Problem requirements:
Your output must consist of the records printed verbatim, with the pictures excluded.

Record set Block Start

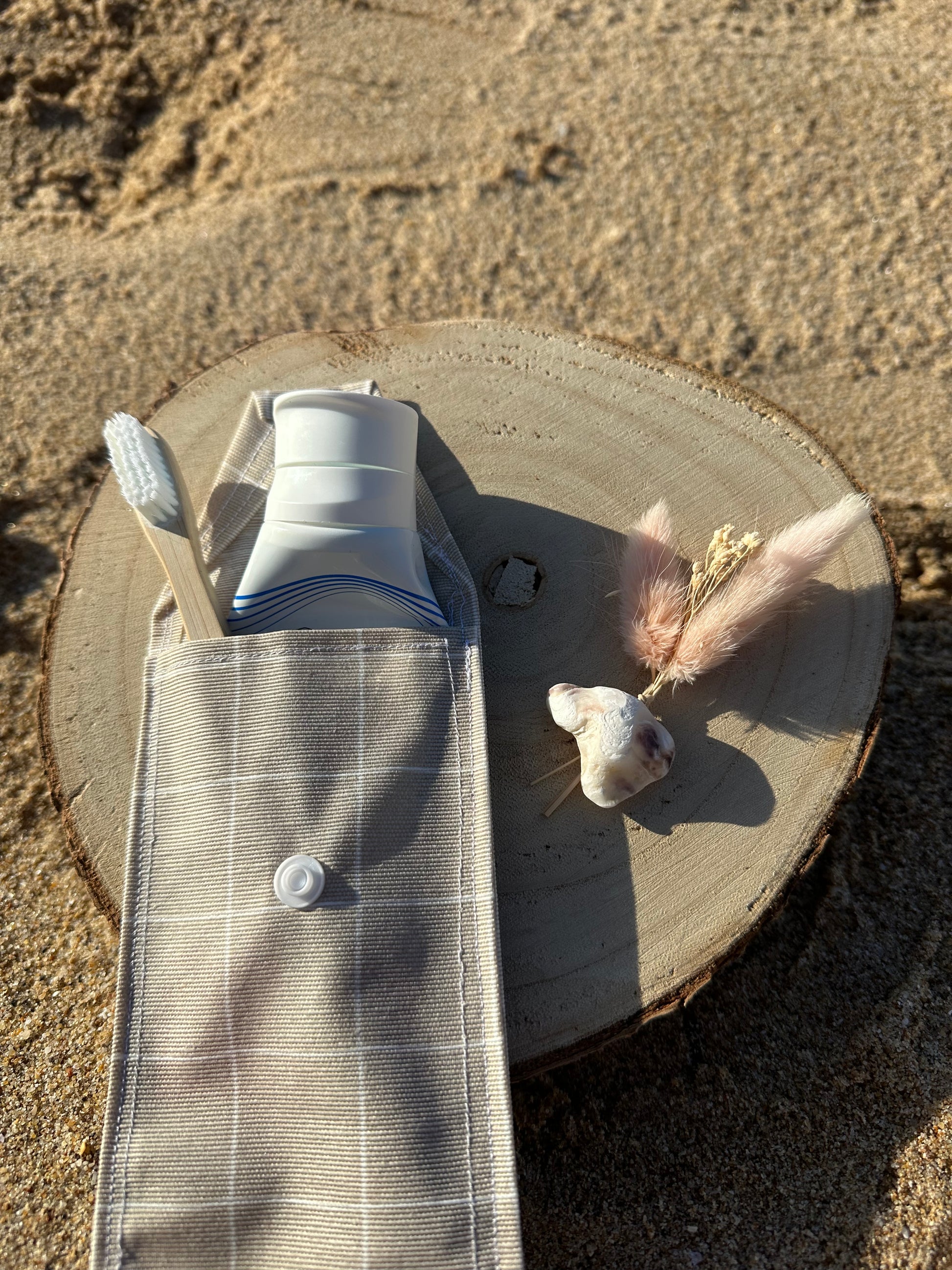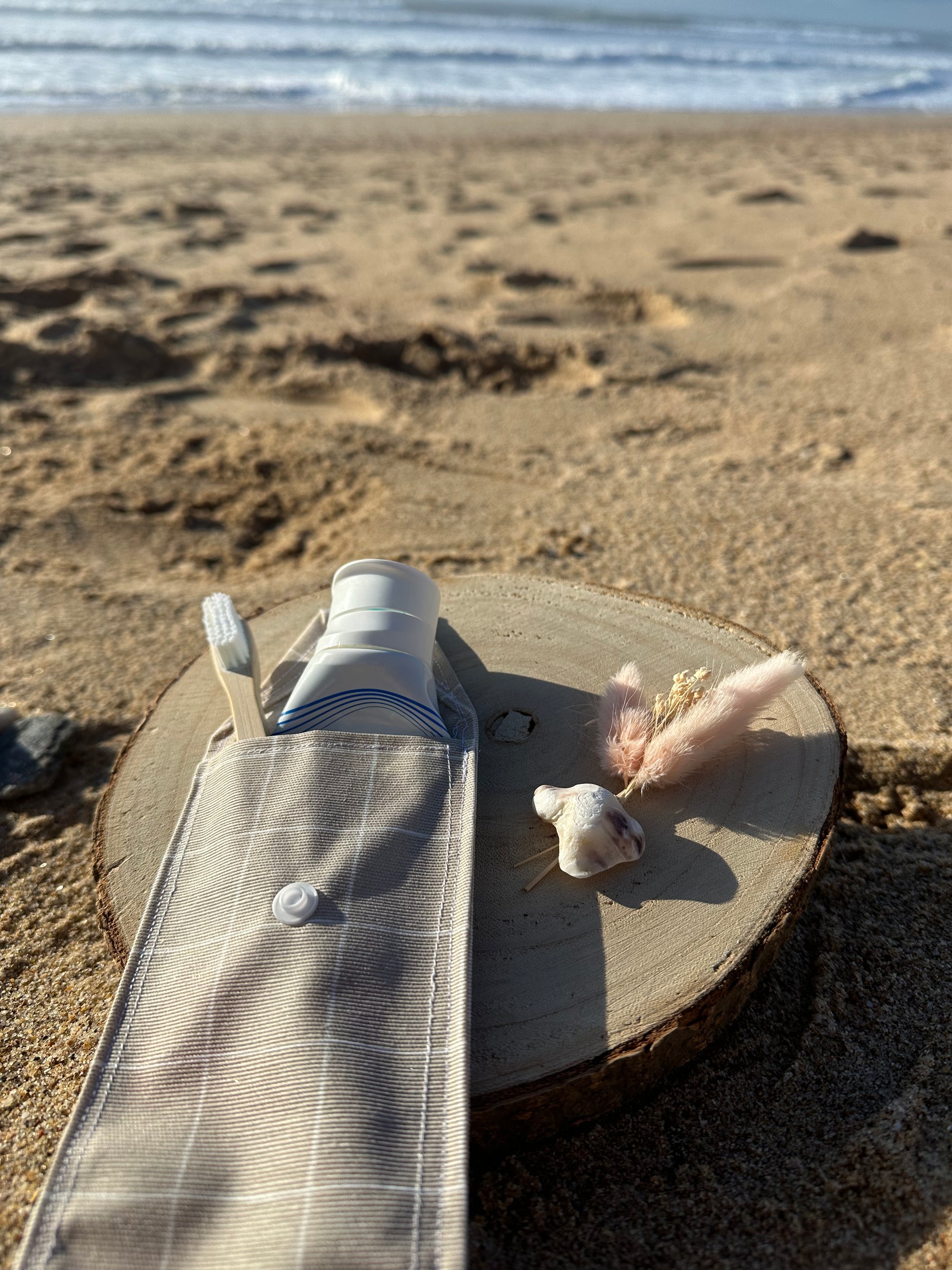 Étui à brosse à dents Elio : un accessoire pratique, artisanal et durable pour transporter brosse à dents et dentifrice en toute simplicité.
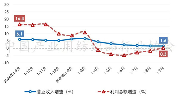 表1 2025年1-9月我国产业用纺织品行业主要经济指标情况(规模以上)
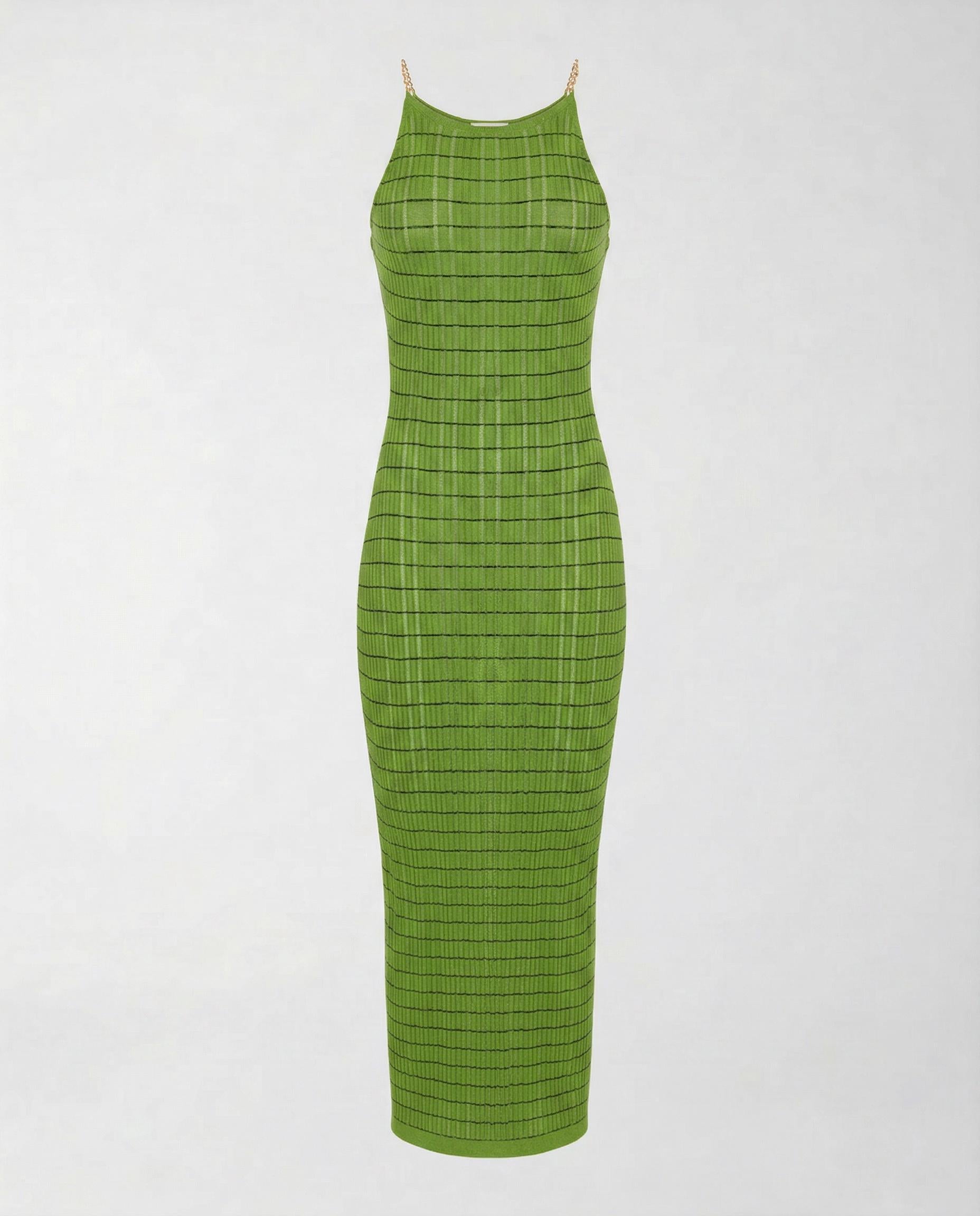 Un design sofisticato e contemporaneo per questo abito lungo in maglia dalla silhouette femminile e scultorea. Lo stile senza maniche è impreziosito da catene in metallo dorato che fungono da spalline, un dettaglio prezioso e distintivo che illumina il capo. La particolare lavorazione a maglia con effetto spugna crea una texture leggera e morbida, esaltata da una delicata fantasia a righe. Un capo pensato per valorizzare la figura con eleganza e carattere.Composizione: Maglia effetto spugnaVestibilità: AderenteColore: Cacao/AvorioCodice: AM29Q62E2 FA1
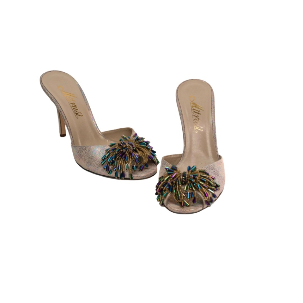 Accessories: Hand-decorated bow with golden beads and multicolored bells
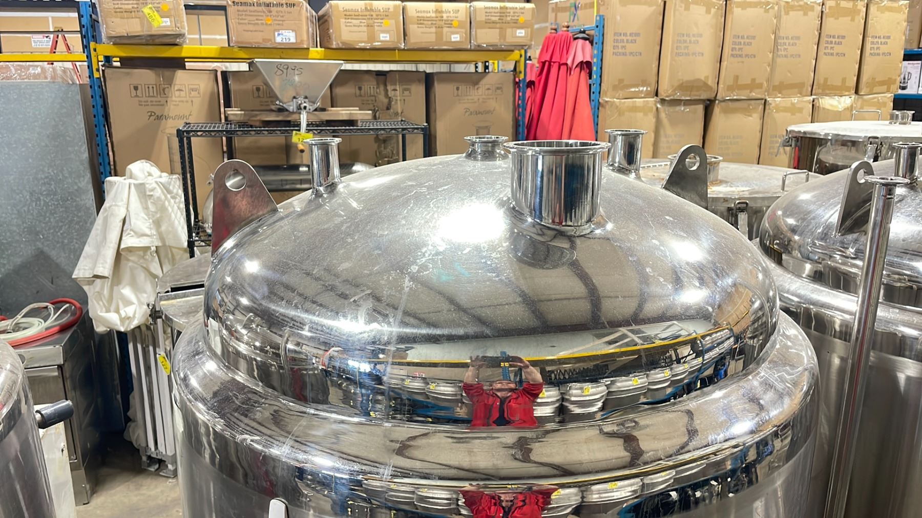 STAINLESS STEEL JACKETED CONE BOTTOM COMMERCIAL BREWERY FERMENTATION TANK W/FRONT ACCESS ON TRI-LEGS HAS ASSORTED PIPING & GAUGES APPROX 5'H & 2.8' DIAMETER

Record set Block End

Written reply:
 Étui à brosse à dents Elio : un accessoire pratique, artisanal et durable pour transporter brosse à dents et dentifrice en toute simplicité.
 表1 2025年1-9月我国产业用纺织品行业主要经济指标情况(规模以上)
 Un design sofisticato e contemporaneo per questo abito lungo in maglia dalla silhouette femminile e scultorea. Lo stile senza maniche è impreziosito da catene in metallo dorato che fungono da spalline, un dettaglio prezioso e distintivo che illumina il capo. La particolare lavorazione a maglia con effetto spugna crea una texture leggera e morbida, esaltata da una delicata fantasia a righe. Un capo pensato per valorizzare la figura con eleganza e carattere.Composizione: Maglia effetto spugnaVestibilità: AderenteColore: Cacao/AvorioCodice: AM29Q62E2 FA1
 Accessories: Hand-decorated bow with golden beads and multicolored bells
 STAINLESS STEEL JACKETED CONE BOTTOM COMMERCIAL BREWERY FERMENTATION TANK W/FRONT ACCESS ON TRI-LEGS HAS ASSORTED PIPING & GAUGES APPROX 5'H & 2.8' DIAMETER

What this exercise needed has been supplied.